At 45, the Smashing Pumpkin’s iconic baldheaded balladeer of hard-rocking melancholia, can still deliver a full serving of the signature piss and vinegar blend that launched his band to international stardom two decades ago.
The Smashing Pumpkins, who at this point are really just Corgan and a somewhat revolving cast of bandmates, played a solid performance Friday night at San Francisco’s Bill Graham Auditorium. It was a two-and-a-half hour medley of artful distortion, cranked-up amps, and nostalgia-laden angst, performed before a remarkably subdued audience; the same crowd who 20 years ago would have eagerly been thrashing in a mosh pit, but who stood relatively motionless, the occasional head nod and hand wave a subtle remembrance of the lost wilder days of youth, when there was less cash for drinks but greater capacity to enjoy them.

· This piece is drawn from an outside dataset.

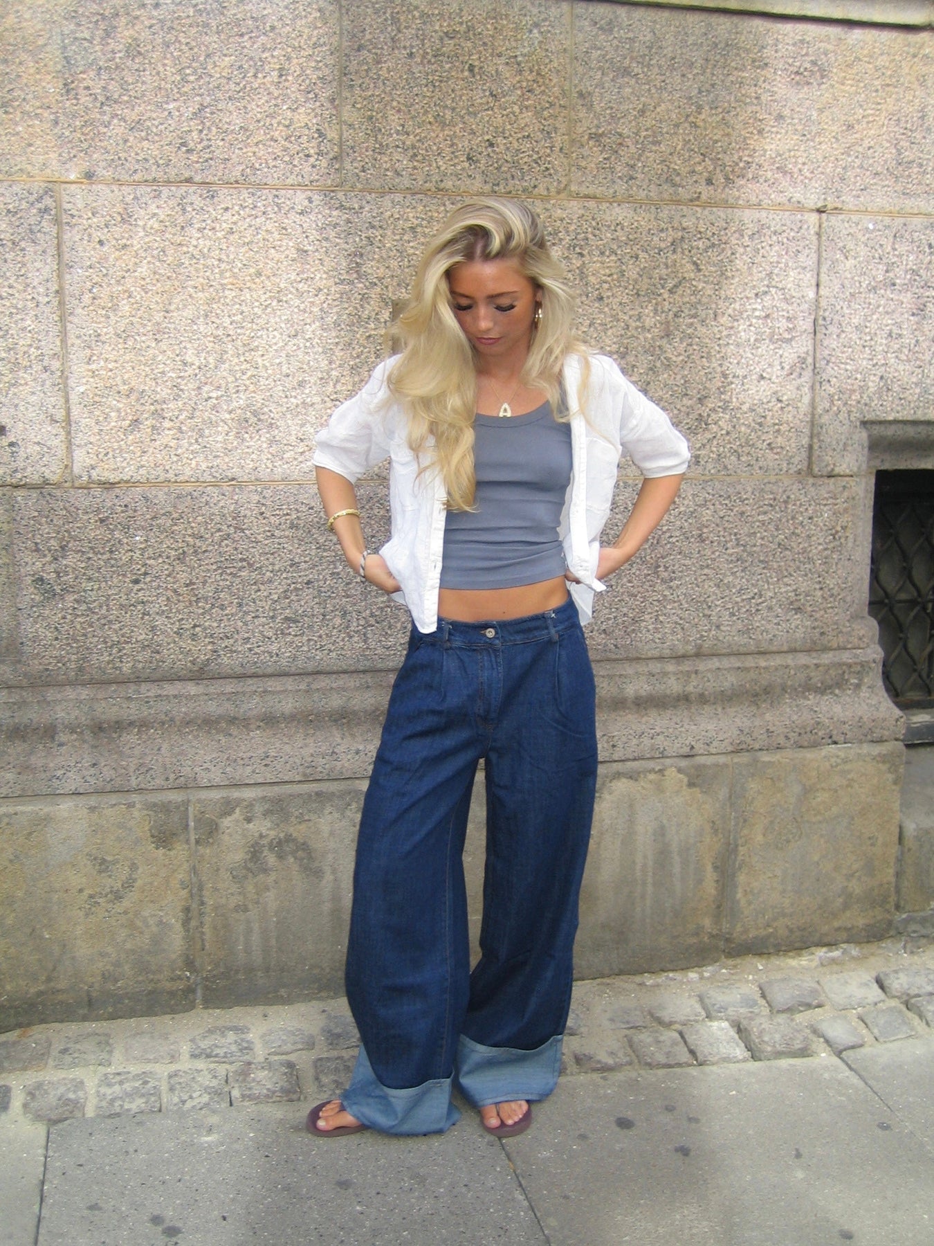 The Deia jeans are designed with a folded hem at the bottom, adding a unique and structured detail to the silhouette. The loose and oversized fit creates volume while keeping the proportions balanced. A low waist shapes the outline with a contemporary profile. Belt loops and a front button with zip fastening provide a practical finish. A statement piece suited for casual outfits and street-inspired looks.

The evening began with an efficient run-through of the new album, Oceania. The band’s first release since touring again five years ago — and the first to feature Corgan’s new accompanists — it includes a handful of notable tracks, and succeeds in retaining much of the original character and nuanced intensity of the Pumpkins’ of yore. Unsurprisingly, though, it’s lacking in the same level of gravitas that propelled the group to its generation-defining status in the ’90s. Many of the compositions work nicely as background pieces, but struggle to emerge as stand-alones.
Among the exceptions are “Pinwheels” and “Pale Horse,” two beautifully delivered compositions emphasizing the sustained strength of Corgan’s voice. Among the most distinct, and deliberated-over, in the rock and roll business, Corgan’s voice has the unique ability to convey loosely contained packages of raw emotion.